Katherine Hooper

Near Infrared Radiation as a Rapid Heating Technique for TiO2Films on Glass Mounted Dye-Sensitized Solar Cells

Near infrared radiation (NIR) has been used to enable the sintering of TiO2 films on fluorine-doped tin oxide (FTO) glass in 12.5 s. The 9 µm thick TiO2 films were constructed into working electrodes for dye-sensitized solar cells (DSCs) achieving similar photovoltaic performance to TiO2 films prepared by heating for 30 min in a convection oven. The ability of the FTO glass to heat upon 12.5 s exposure of NIR radiation was measured using an IR camera and demonstrated a peak temperature of 680°C; glass without the 600 nm FTO layer reached 350°C under identical conditions. In a typical DSC heating step, a TiO2 based paste is heated until the polymeric binder is removed leaving a mesoporous film. The weight loss associated with this step, as measured using thermogravimetric analysis, has been used to assess the efficacy of the FTO glass to heat sufficiently. Heat induced interparticle connectivity in the TiO2 film has also been assessed using optoelectronic transient measurements that can identify electron lifetime through the TiO2 film. An NIR treated device produced in 12.5 seconds shows comparable binder removal, electron lifetime, and efficiency to a device manufactured over 30 minutes in a conventional oven.

High throughput fabrication of mesoporous carbon perovskite solar cells

The screen printed mesoporous carbon perovskite solar cell has great potential for commercialisation due to its scalable deposition processes and use of inexpensive materials. However, each layer requires long high temperature heating steps to achieve the necessary sintering and porosity, which is very time and energy intensive for large scale production. Near infrared processing is demonstrated here to reduce the heating time of mesoporous layers within a fully printed lead halide perovskite solar cell from 2 hours to 30 seconds. A stabilised efficiency of 11% was achieved by processing in 30 seconds, identical to that of devices heated in 2 hours. For the first time the effect of residual binder in the carbon electrode on the electron lifetime and charge transfer within devices has been investigated. Furthermore cross section EDX mapping of perovskite infiltration provides a greater understanding into the processing requirements of these devices vital to enable commercialisation.

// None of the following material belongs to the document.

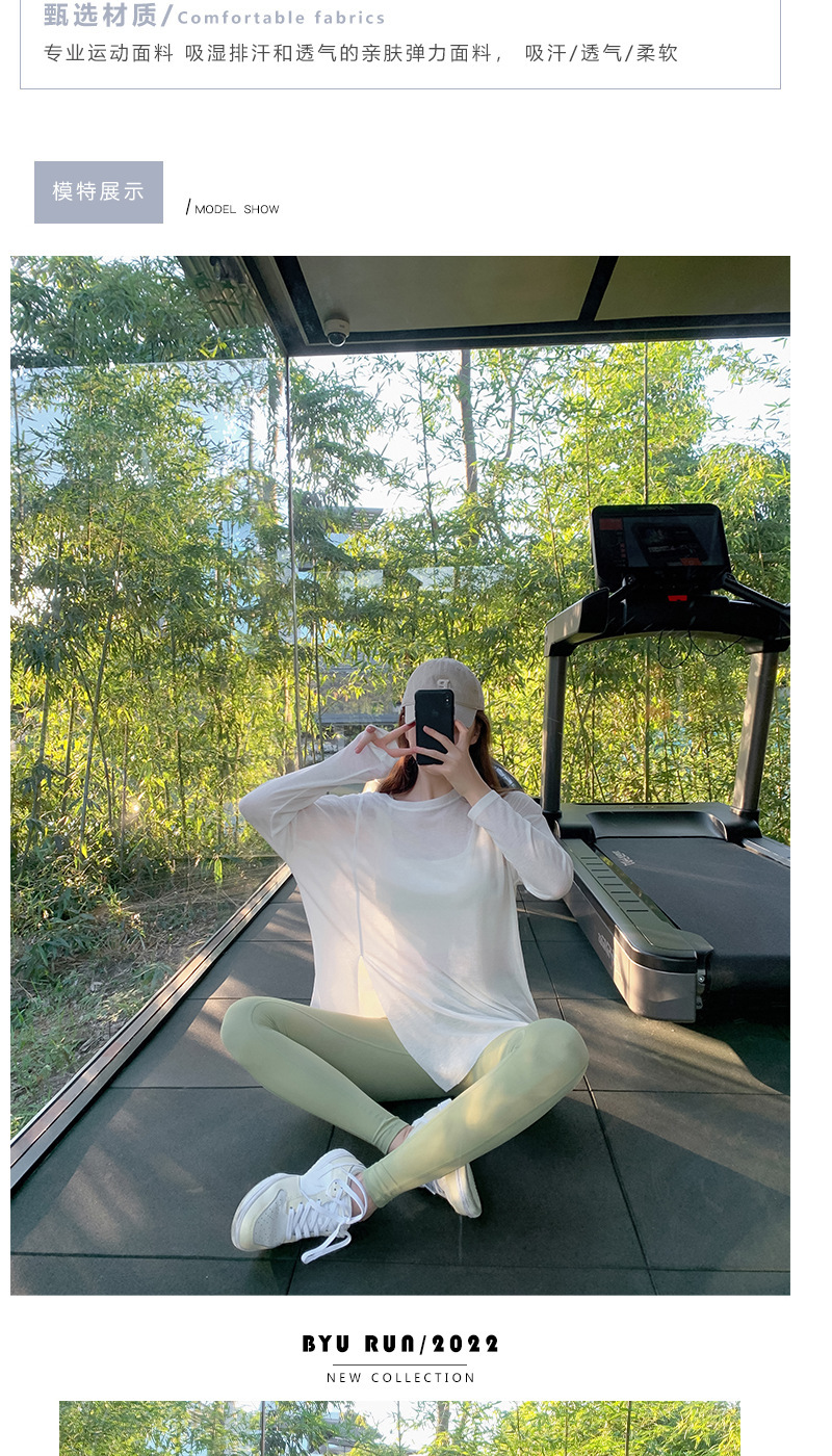 아이스 실크 선 스크린 의류 여성 의상 여름 느슨한 스포츠 긴 소매 분할 얇은 통기성 요가 셔츠 블라우스 트렌디

Spray PEDOT:PSS coated perovskite with a transparent conducting electrode for low cost scalable photovoltaic devices

Organic–inorganic lead halide perovskite materials are an attractive candidate for low-cost thin-film photovoltaics but in order to successfully rival other technologies, it is critical to focus research on addressing the potential bottlenecks to commercialisation. The conventional hole transporter spiro-OMeTAD and evaporated gold contact are unsuitable for commercialisation due to the cost. This study introduces a method for fabricating perovskite devices without spiro-OMeTAD. Instead, PEDOT:PSS was applied directly to the perovskite material using a carefully controlled spray process. The water hyphen containing PEDOT:PSS used was spray coated onto the perovskite film with careful drying to provide a 55-nm-thick interlayer between the perovskite and the electrode providing hole collection. XRD analysis showed that by controlled application, it was possible to avoid water-induced perovskite degradation. The device was completed using a previously demonstrated transparent conducting adhesive electrode based on vertically orientated channels of PEDOT:PSS within an acrylic adhesive instead of evaporated gold. Fully fabricated devices gave comparable performance to those without spiro-OMeTAD.